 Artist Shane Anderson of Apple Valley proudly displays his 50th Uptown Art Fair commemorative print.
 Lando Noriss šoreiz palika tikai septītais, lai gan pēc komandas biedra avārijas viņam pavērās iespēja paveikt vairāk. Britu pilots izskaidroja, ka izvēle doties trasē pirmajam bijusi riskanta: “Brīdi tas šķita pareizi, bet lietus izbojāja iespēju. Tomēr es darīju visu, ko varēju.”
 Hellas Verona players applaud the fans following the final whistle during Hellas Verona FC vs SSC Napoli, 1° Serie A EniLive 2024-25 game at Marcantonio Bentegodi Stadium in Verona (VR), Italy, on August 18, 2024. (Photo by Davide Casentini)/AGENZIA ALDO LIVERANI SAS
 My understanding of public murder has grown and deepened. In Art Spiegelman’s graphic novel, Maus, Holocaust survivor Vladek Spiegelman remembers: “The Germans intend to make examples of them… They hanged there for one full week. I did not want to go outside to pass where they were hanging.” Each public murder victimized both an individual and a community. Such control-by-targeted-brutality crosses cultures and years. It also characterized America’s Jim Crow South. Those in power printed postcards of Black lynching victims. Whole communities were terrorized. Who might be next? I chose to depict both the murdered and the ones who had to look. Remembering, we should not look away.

★ ★ ★ ★ ★ ★ ★

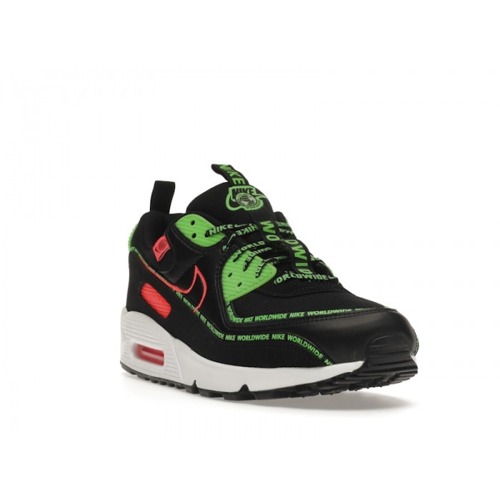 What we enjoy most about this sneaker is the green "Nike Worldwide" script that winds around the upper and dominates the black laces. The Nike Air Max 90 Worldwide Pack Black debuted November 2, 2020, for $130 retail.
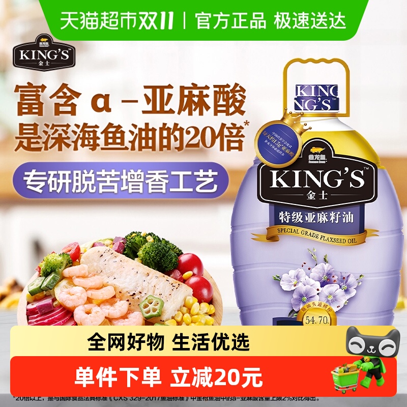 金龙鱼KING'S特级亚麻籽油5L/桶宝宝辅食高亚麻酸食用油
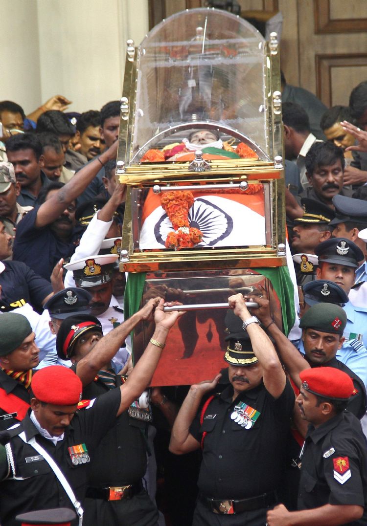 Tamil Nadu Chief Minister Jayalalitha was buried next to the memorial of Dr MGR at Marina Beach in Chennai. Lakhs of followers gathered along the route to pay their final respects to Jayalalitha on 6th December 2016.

★ ★ ★ ★ ★ ★ ★

• **Work to complete**
From the line that has "Artist Shane Anderson" through the line that has "Hellas Verona players", copy every line exactly as it appears above, and leave out all others.

• **Response area**
 Artist Shane Anderson of Apple Valley proudly displays his 50th Uptown Art Fair commemorative print.
 Lando Noriss šoreiz palika tikai septītais, lai gan pēc komandas biedra avārijas viņam pavērās iespēja paveikt vairāk. Britu pilots izskaidroja, ka izvēle doties trasē pirmajam bijusi riskanta: “Brīdi tas šķita pareizi, bet lietus izbojāja iespēju. Tomēr es darīju visu, ko varēju.”
 Hellas Verona players applaud the fans following the final whistle during Hellas Verona FC vs SSC Napoli, 1° Serie A EniLive 2024-25 game at Marcantonio Bentegodi Stadium in Verona (VR), Italy, on August 18, 2024. (Photo by Davide Casentini)/AGENZIA ALDO LIVERANI SAS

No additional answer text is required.